I don't know which implementation of EMD, you are using, but there are at least four stopping criteria I know of for EMD algorithms. Depending on which you are using you may get a slightly different point at which the "sifting process" (as it is called) stops. Basically, it goes until it cannot generate any more (new) intrinsic mode functions -- how it determines that again depends on the algorithm you are using.
How far, the MODWT goes down is based on the sample size (and again with any wavelet transform, you don't have to go all the way). Bascially the MODWT will go down until what is left as the scaling coefficients is just equal to the mean of the signal. I'll demonstrate here:
load wecg;
wt = modwt(wecg);
Now look at
app = wt(end,:);
The above is essentially just a constant vector equal to the mean of the signal. Taking the wavelet transform any further is pointless, the wavelet coefficients will be nothing but zeros and the scaling coefficients won't change.
I think the differences in reconstruction you show above don't mean EMD is better than MODWT. These are very small differences. For example for my version of EMD,
load wecg;
imf = emd(wecg);
wt = modwt(wecg);
xrec = imodwt(wt);
imfrec = sum(imf);
ans =
So in the case of the EMD, the worst mismatch between the reconstruction and the signal sample is 10^(-16) for the MODWT (10^(-12)). Are we really worried about that difference? They both reconstruct the signal perfectly.

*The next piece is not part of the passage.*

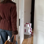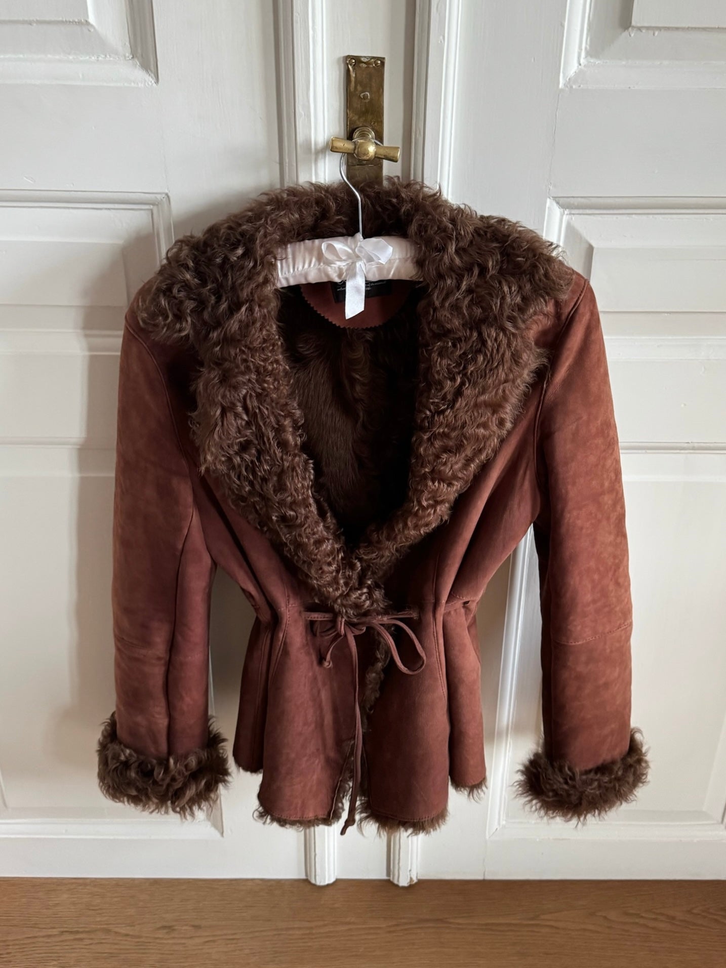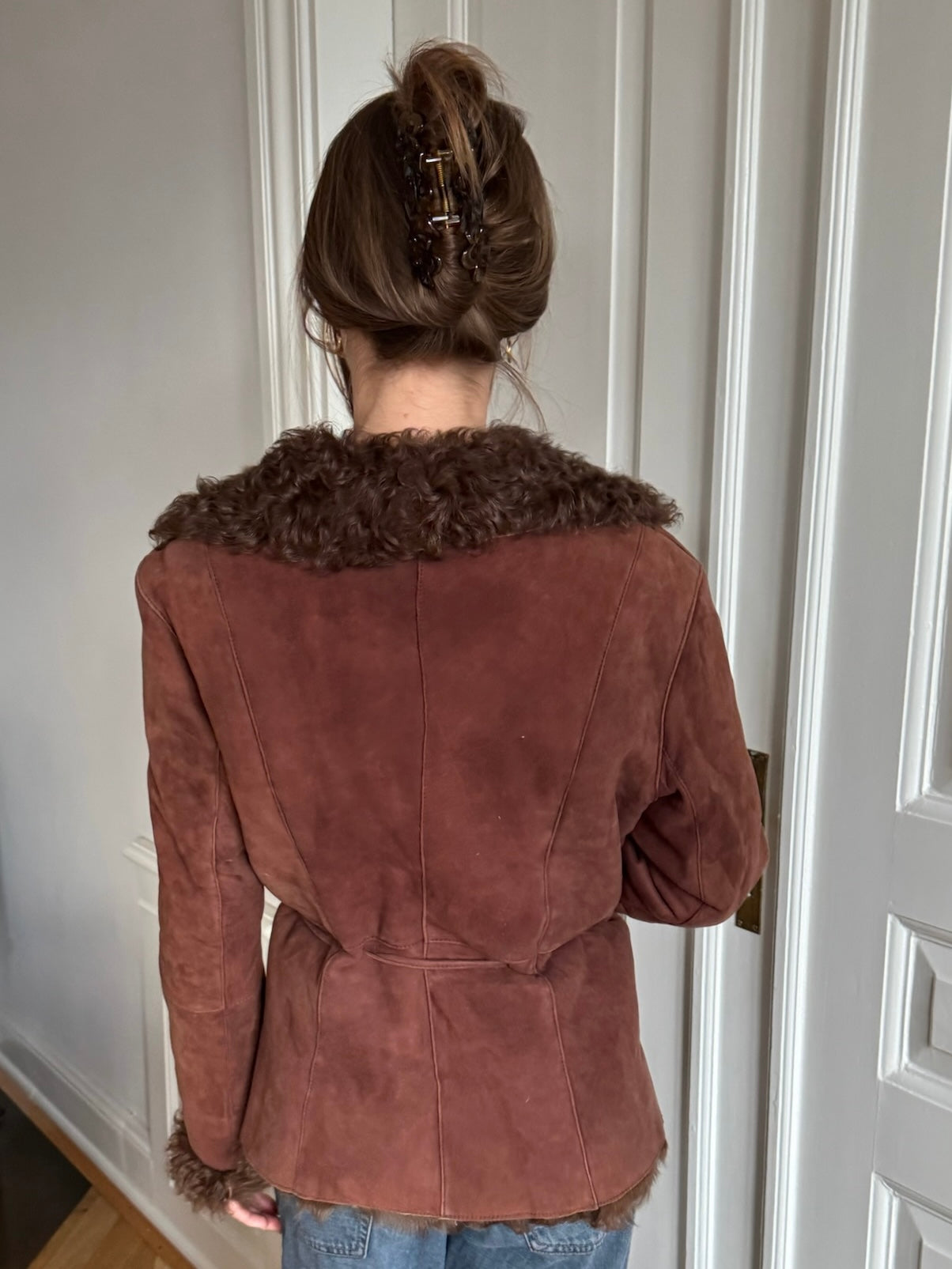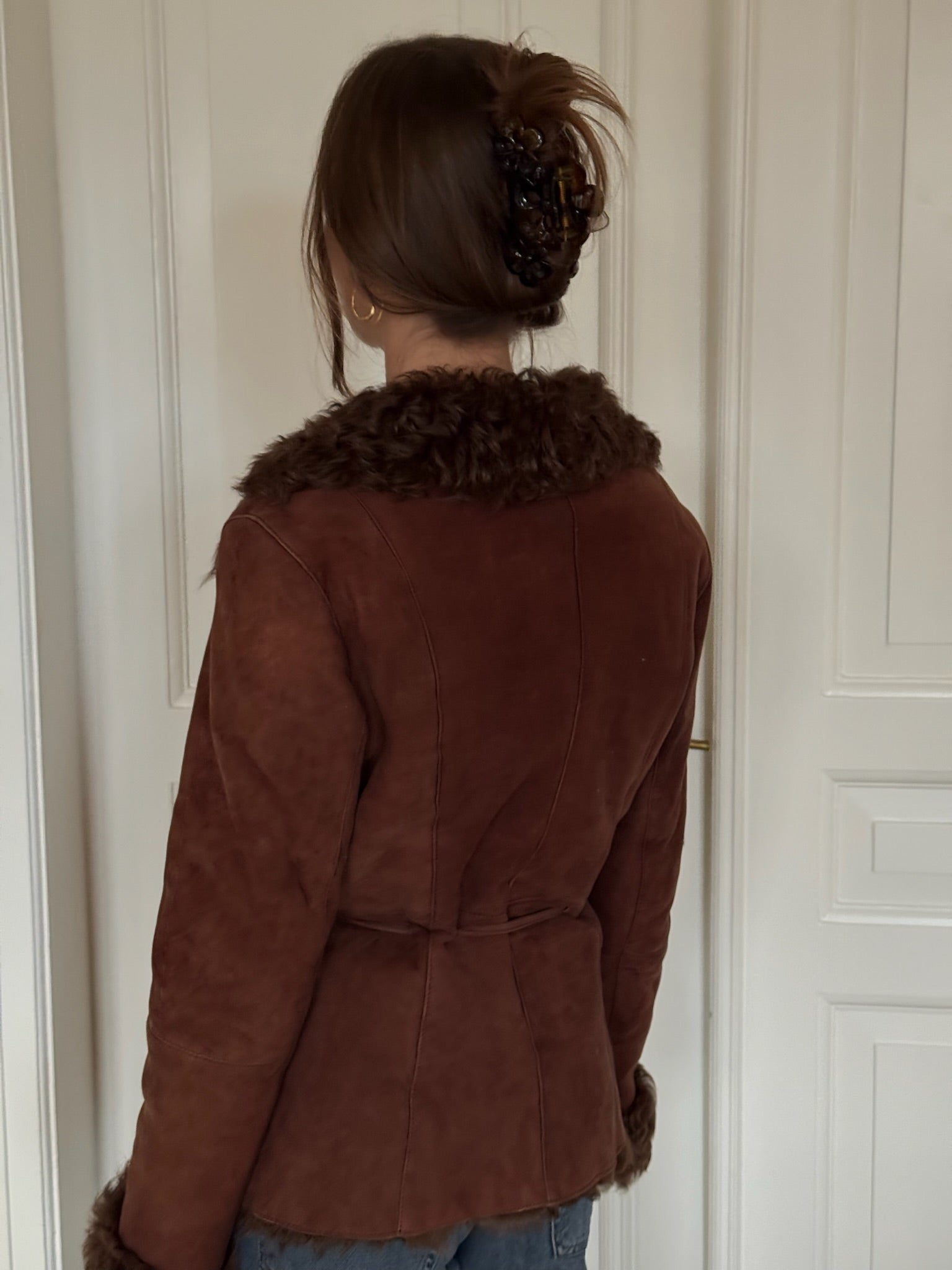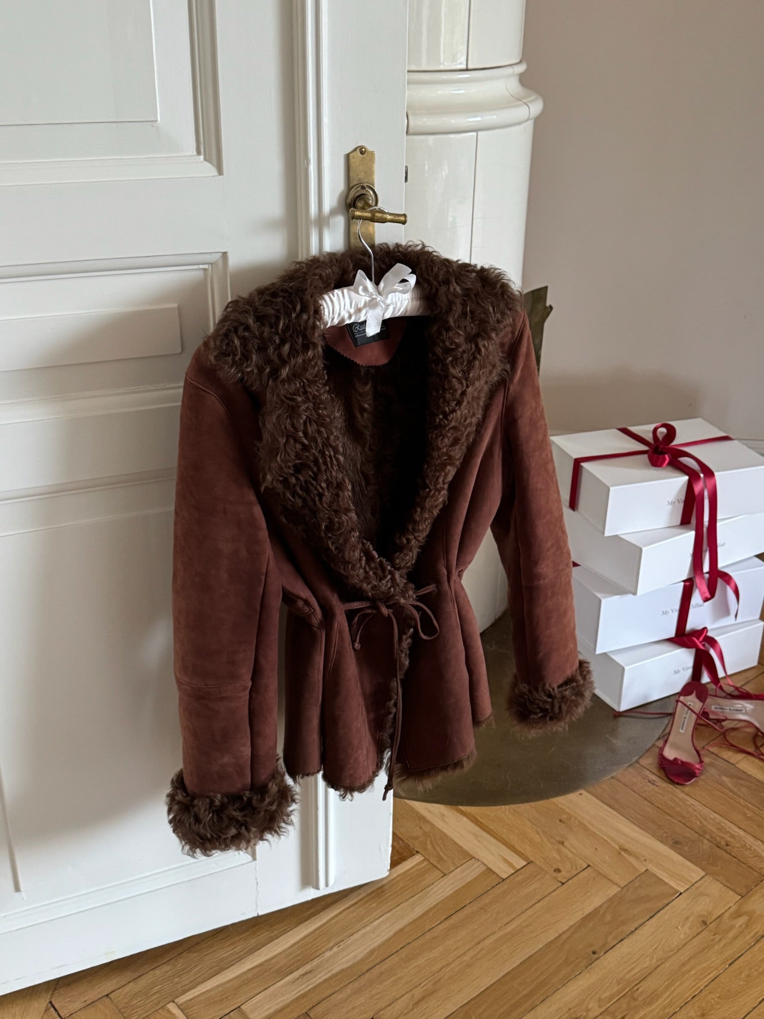 Stunning vintage brown suede jacket featuring soft fur lining, a wide fur collar, and matching fur cuffs. Designed with a fitted waist and tie closure for a flattering silhouette.

As far as the wavelet to choose, that depends on the goal of your analysis. What is your ultimate reason for doing a multiresolution analysis of these signals?
  1 Comment
Marc Huber
Marc Huber on 8 May 2016
Thank you for answer Wayne. Why do you always talk about perfect reconstruction? For me, perfect means error equals zero, or how is perfect at wavelets/filter banks defined? How small have the error to be that we can talk about perfect reconstruction? Do you think one can disregard the error if it is very small?
My goal is to find resting state networks. So because of dynamic functional connectivity next step is to split each decomposition into small parts, create a correlation matrix from the first, second, third, and so on, splitted part of the 1,..,11 decomposition of all 100 probands, and then do a k-means clustering to find cluster centroids.